Die US-Regierung hat den geplanten Verkauf hochmoderner Kampfjets vom Typ F-35 an die Vereinigten Arabischen Emirate bestätigt. Außenminister Mike Pompeo informierte den Kongress offiziell über seine Absicht, das Rüstungsgeschäft mit einem Umfang von insgesamt mehr als 23 Milliarden Dollar (rund 19 Milliarden Euro) zu genehmigen.

Teil des Pakets sind bis zu 50 F-35-Kampfjets mit einem Wert von zusammen 10,4 Milliarden Dollar. Hinzu kommen Munition im Wert von zehn Milliarden Dollar und bis zu 18 Drohnen im Wert von knapp drei Milliarden Dollar. Vertreter von Senat und Repräsentantenhaus müssen größeren Waffenverkäufen in den USA zustimmen.

Pompeo erklärte, die Vereinigten Arabischen Emirate seien schon seit langer Zeit ein wichtiger „Sicherheitspartner“ der USA. Die „historische“ Vereinbarung des Golfstaats über eine Normalisierung der Beziehungen mit Israel biete jetzt eine einmalige Gelegenheit, „die strategische Landschaft der Region positiv zu verändern“. Der Außenminister hatte Israel im August eine Wahrung des militärischen Vorsprungs in Nahost zugesichert.

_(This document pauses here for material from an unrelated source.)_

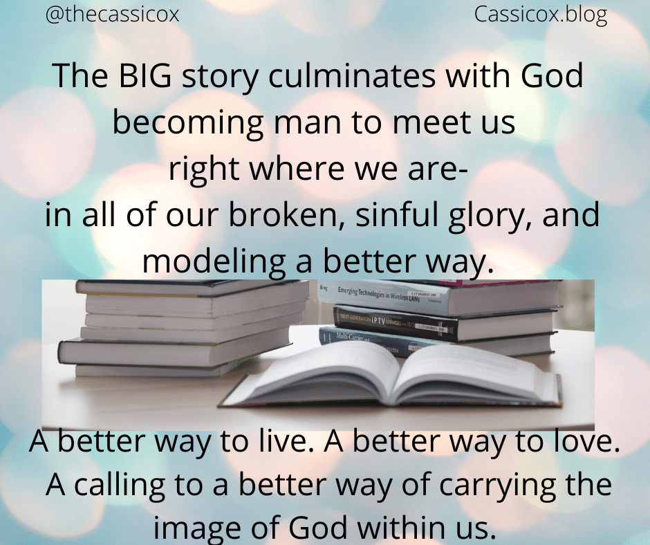 The BIG story culminates with God becoming man to meet us right where we are- in all of our broken, sinful glory, and modeling a better way.
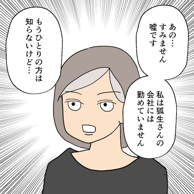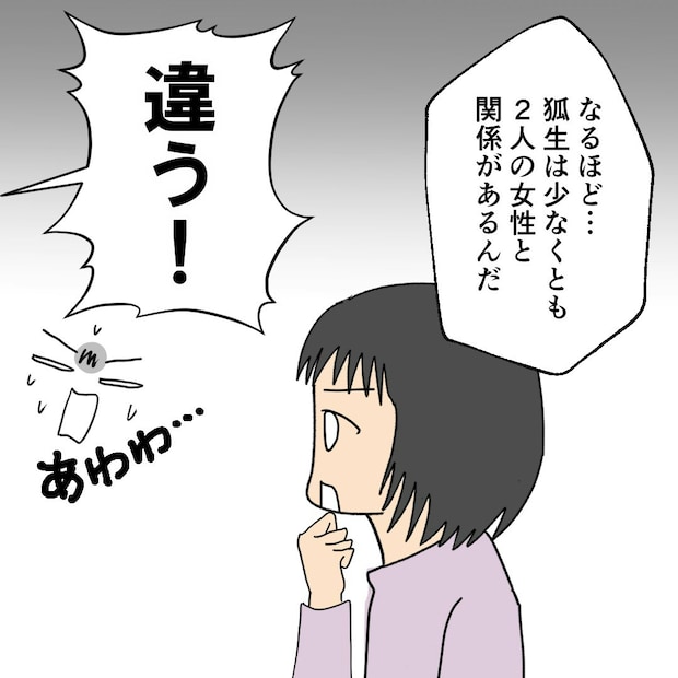 これ以上、ごまかせないと悟ったのか、同席していた女性は不倫関係を認めます。予想外の展開に、狐生はすっかり取り乱してしまいました。

Pompeo verwies zudem darauf, dass die USA und die Emirate mit Iran einen gemeinsamen Gegner haben. Die VAE und Israel hatten im August unter US-Vermittlung ein Abkommen zur Normalisierung ihrer Beziehungen beschlossen. Es bereitete den diplomatischen Boden für das nun offiziell bestätigte US-Rüstungsgeschäft mit den Emiraten.

Israel hatte sich bisher strikt gegen sämtliche US-Kampfjet-Lieferungen an arabische Staaten ausgesprochen. Der israelische Ministerpräsident Benjamin Netanyahu deutete aber kürzlich an, seine Regierung habe gegen das neue Rüstungsgeschäft nichts einzuwenden.